Understanding our physiology

Somatic Psychology is a new metaphor for something I believe, we as humans innately understand. Our entire physiology holds our story, our trauma and our heritage. This field is thriving with understanding from many traditions and many practitioners. I believe that this work can challenge the status quo of fractured and deeply problematic Western approaches to trauma, the mind and humanity.

We are not just human minds, but bodies and blood and fluid and magic, ancestors and culture, survival and social engagement systems. We are the plants we eat and evolved with. We are the oceans we once swam in before we learned to walk on land. We are stardust, as they say. And yet in this era, we are often so caught in the trance of separateness and isolation. We have lost site of our animal nature and caged ourselves and the other incarnate beings around us. Somatic and animist psychology is about getting free, working towards collective liberation and unwinding the stories our bodies hold that cage us still.

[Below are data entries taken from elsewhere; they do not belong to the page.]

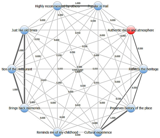 Figure 4 shows the network map of the important parameters associated with heritage restaurants’ gastronomes and cultural offering, for which the connection strength is based on correlation coefficients. Ones are specific features and twos are the connections between the ones or the correlation of features, and thicker lines mean higher correlations. Thus, such attributes as, for example, “Highly recommended by others” and “Popular in Hail” are consistent, r = 1.000, and this means that consumers also associate them. As with the other examples, “Preserves history of the place” and “Cultural experience” substantiate a close connection—drawing attention to the cultural value of the experience. On the other hand, the link between “Authentic decor and atmosphere” and the choice of “Reflects the heritage” is not very strong at 0.500, underlining the importance of heritage in culture. This represents connections between attributes and determines which ones are linked with each other, which creates a focus on the importance of cultural, affectionate, and word-of-mouth clusters in understanding the consumer behavioral intentions towards heritage restaurants.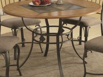 اعتمادًا على الديكور الزخرفي وتصميم المطبخ ، يتم أيضًا اختيار النمط المقابل للطاولة.. سيبدو النموذج المصنوع من المعدن على ساق واحدة مع أنماط مزخرفة غير عادي وأنيق. من الأفضل تزيين سطح مثل هذا المنتج بالبلاط بزخارف مشرقة. إذا سادت الألوان الزاهية في ألوان مجموعة المطبخ ، فيجب دمج سطح الطاولة مع واجهات الأثاث ، ومن الأفضل اختيار أساس الظلال الكلاسيكية الهادئة..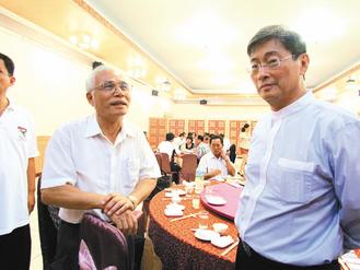 臺灣中華統(tǒng)一促進(jìn)黨總裁張安樂(右)昨天到左營會面當(dāng)?shù)乩镩L。(圖/臺灣《聯(lián)合報》)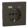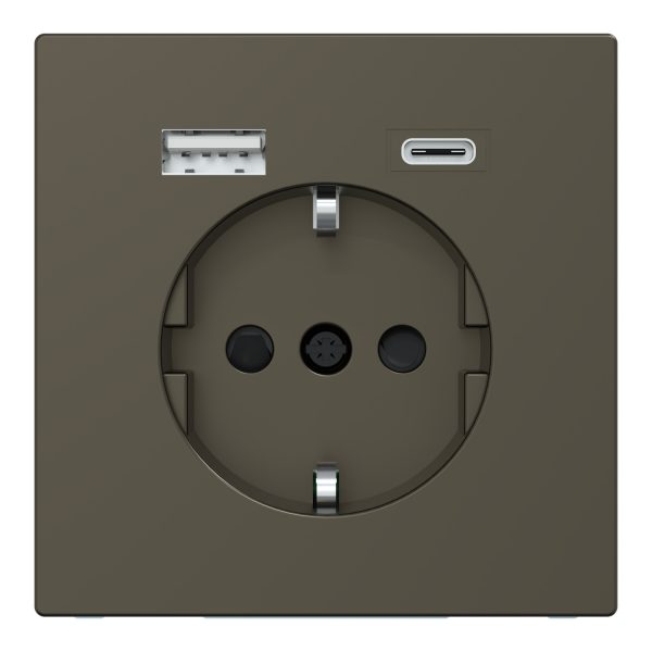 Розетка 1-а з заземлювальним контактом, зі шторками 16A + USB A+C “D-Life” мокко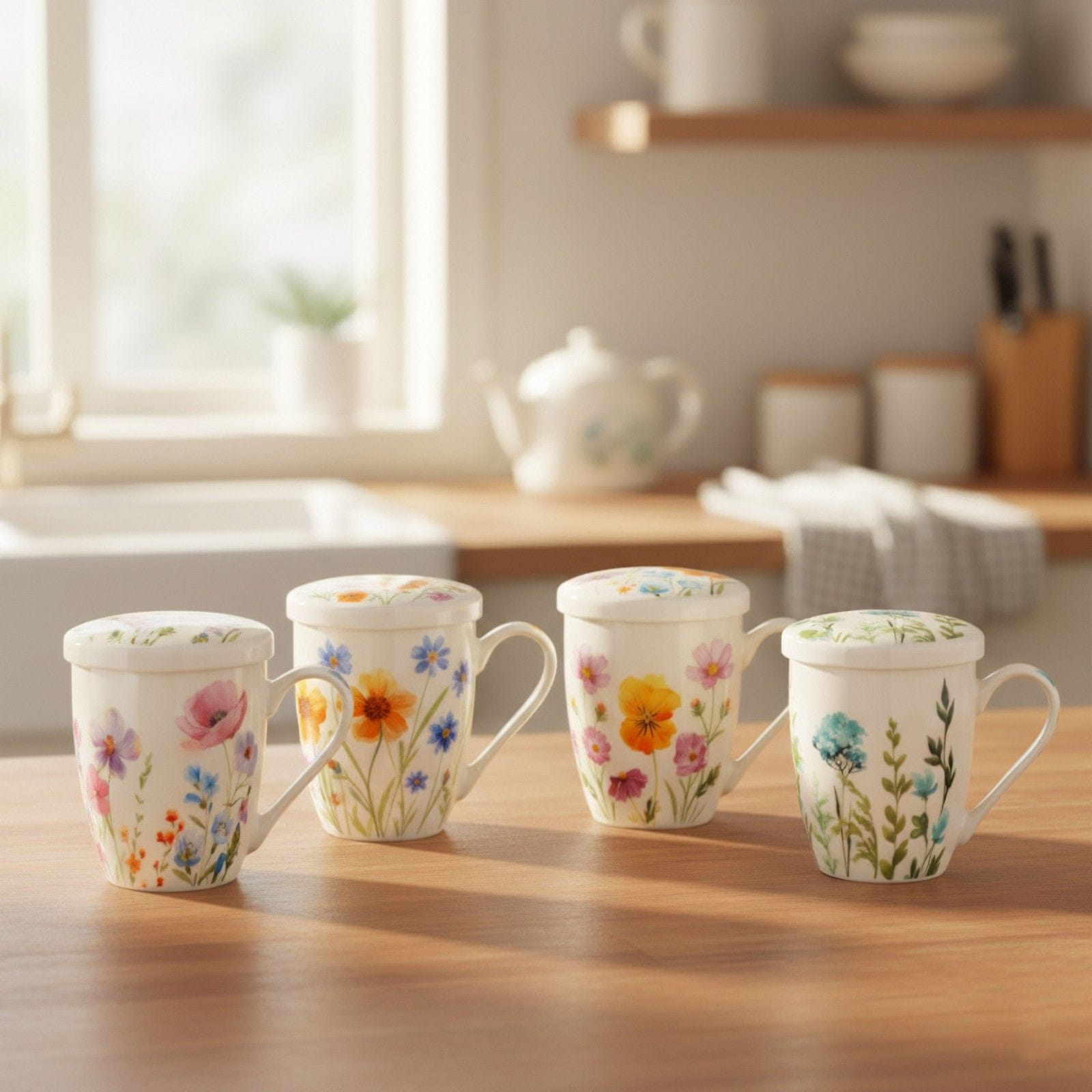 Naša ponudba vključuje tudi druge skodelice s cedilom v podobnem cvetličnem dizajnu, kot tudi aromatične čaje v lističih, ki odlično dopolnjujejo komplet.

Below I have included some quotes and resources of individuals who have influenced my approach to this work.

adrienne maree brown

“We are socialized to see what is wrong, missing, off, to tear down the ideas of others and uplift our own. To a certain degree, our entire future may depend on learning to listen, listen without assumptions or defenses.” Emergent Strategy: Shaping Change, Changing Worlds

“Liberated relationships are one of the ways we actually create abundant justice, we understand that there is enough attention, care, resource and connection for all of us to access belonging, to be in our dignity, and to be safe in community.” Pleasure Activism: The Politics of Feeling Good

 

Bessel van der Kolk

“The brain-disease model overlooks four fundamental truths: (1) our capacity to destroy one another is matched by our capacity to heal one another. Restoring relationships and community is central to restoring well-being; (2) language gives us the power to change ourselves and others by communicating our experiences, helping us to define what we know, and finding a common sense of meaning; (3) we have the ability to regulate our own physiology including some of the so-called involuntary functions of the body and brain, through such basic activities as breathing and moving, and touch; and (4) we can change social conditions to create environments in which children and adults can feel safe and where they can thrive.

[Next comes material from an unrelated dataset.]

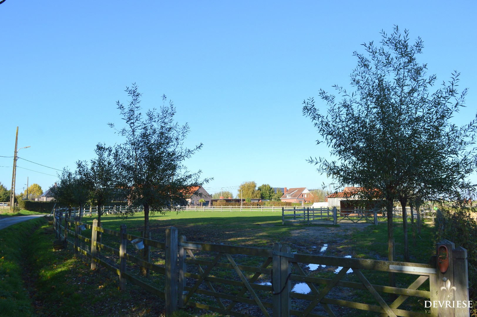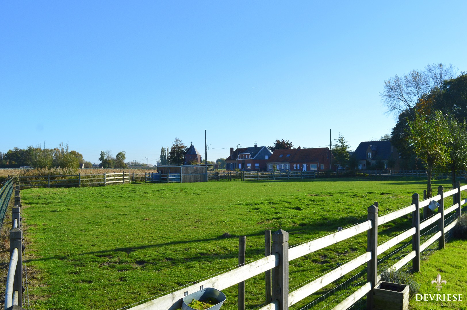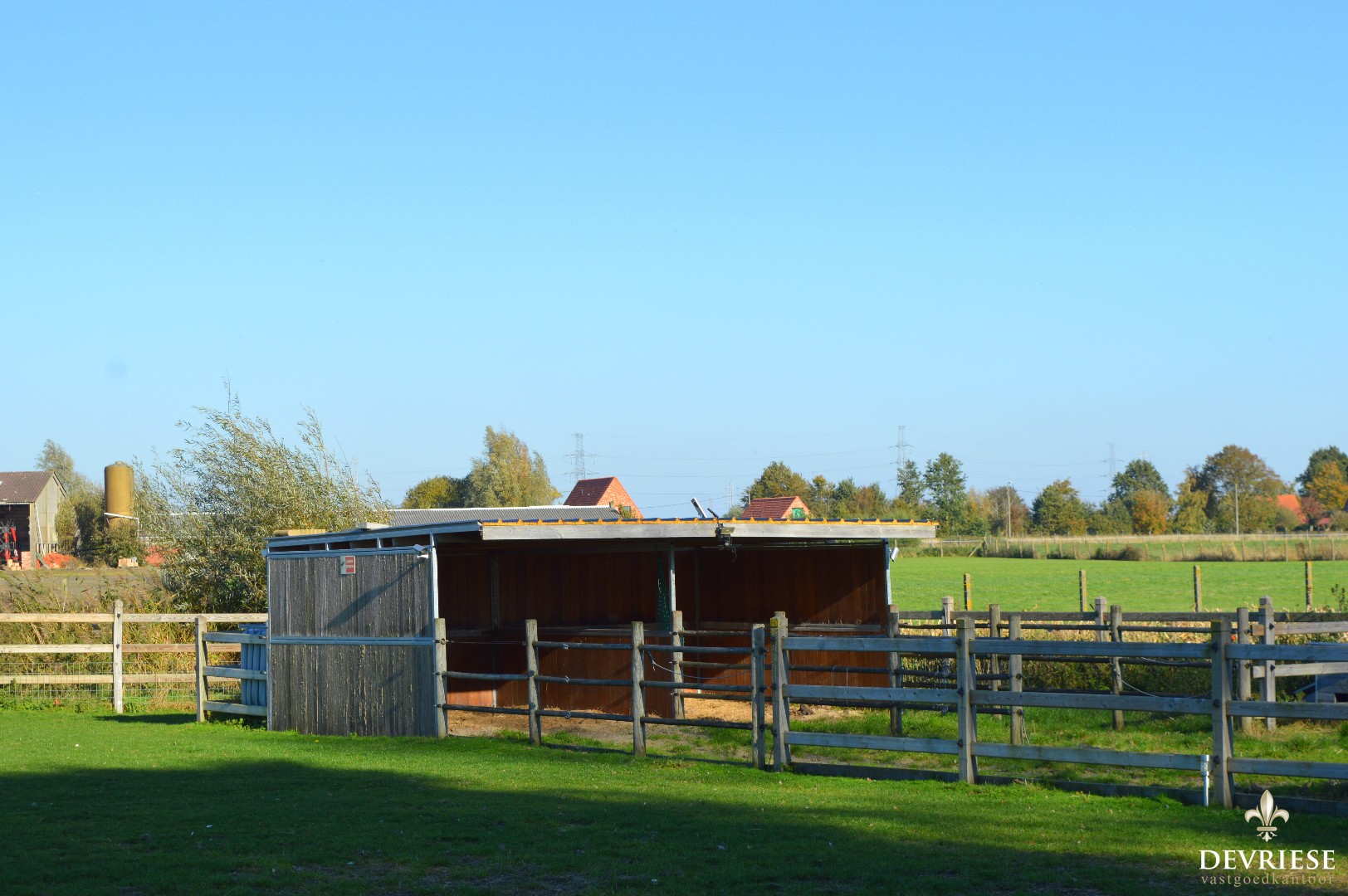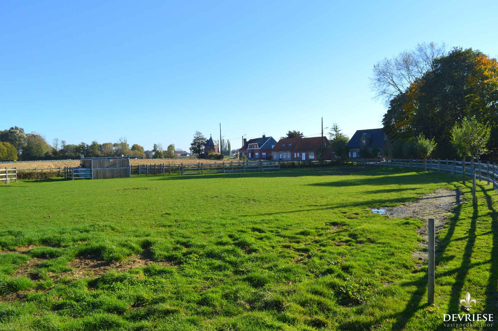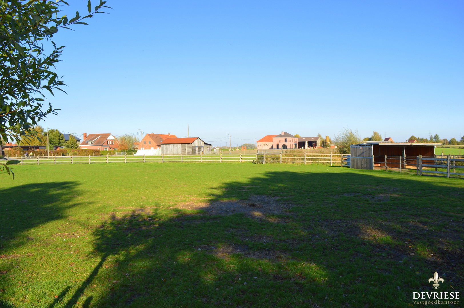 Weide van 3225m², volledig en perfect omheind en voorzien van twee open paardenboxen. o.a. Ideaal voor paardenliefhebbers !

When we ignore these quintessential dimensions of humanity, we deprive people of ways to heal from trauma and restore their autonomy. Being a patient, rather than a participant in one’s healing process separates suffering people from their community and alienates them from an inner sense of self.” The Body Keeps the Score: Brain, Mind, and Body in the Healing of Trauma

 

Susan Raffo

“Healing is about taking the time to notice what gets in the way of feeling connected to your life, your community and your sense of possibility. Healing at its core is about slowing down so that we can better listen, to ourselves and each other.”

Resmaa Menakem

“Years as a healer and trauma therapist have taught me that trauma isn’t destiny. The body, not the thinking brain, is where we experience most of our pain, pleasure, and joy, and where we process most of what happens to us. It is also where we do most of our healing, including our emotional and psychological healing. And it is where we experience resilience and a sense of flow.”

“All of this suggests that one of the best things each of us can do—not only for ourselves, but also for our children and grandchildren—is to metabolize our pain and heal our trauma. When we heal and make more room for growth in our nervous systems, we have a better chance of spreading our emotional health to our descendants, via healthy DNA expression. In contrast, when we don’t address our trauma, we may pass it on to future generations, along with some of our fear, constriction, and dirty pain.”


Alaine D. Duncan & Kathy L. Kain

 

“Traumatic stress knows no geographic, chronological or personal boundaries. Service members don’t check their wartime experiences at the door when they leave a combat zone. People who have survived…an assault don’t leave that experience behind when they leave a hospital. For years after the actual event, the tendrils of such experiences remain alive in cognitive memory and oftentimes more vividly in body memory. To the survivor, the event may feel very much in the here and now, instead of the “there and then.” The survivor may live as if still under attack. Trauma’s impact is far-reaching and vibrational in nature, no only for the individual survivor but also for whole families and communities, who can also be affected by trauma’s impact on any one of their members.

Many survivors come to care providers with elusive, intangible, and difficult-to-pin-down symptoms such as insomnia; chronic pain; metabolic and digestive disturbances; obesity; problems with memory, cognition or mood; interpersonal challenges; autoimmune illnesses; or endocrine disorders. The roots of many of these symptoms lie in autonomic nervous system dysregulation caused by traumatic stress—known or unknown, spoken or unspoken.

Our approach is primarily bottom-up, starting in the body and moving up to the mind. The problem with the “talking cure” for trauma survivors is that the trauma itself gets in the way of survivors reflecting on theri experience. No matter how much cognitive insight or understanding survivors develop in their frontal cortex, their emotional limbic midbrain and most primal brain stem are unable to embrace a different reality.”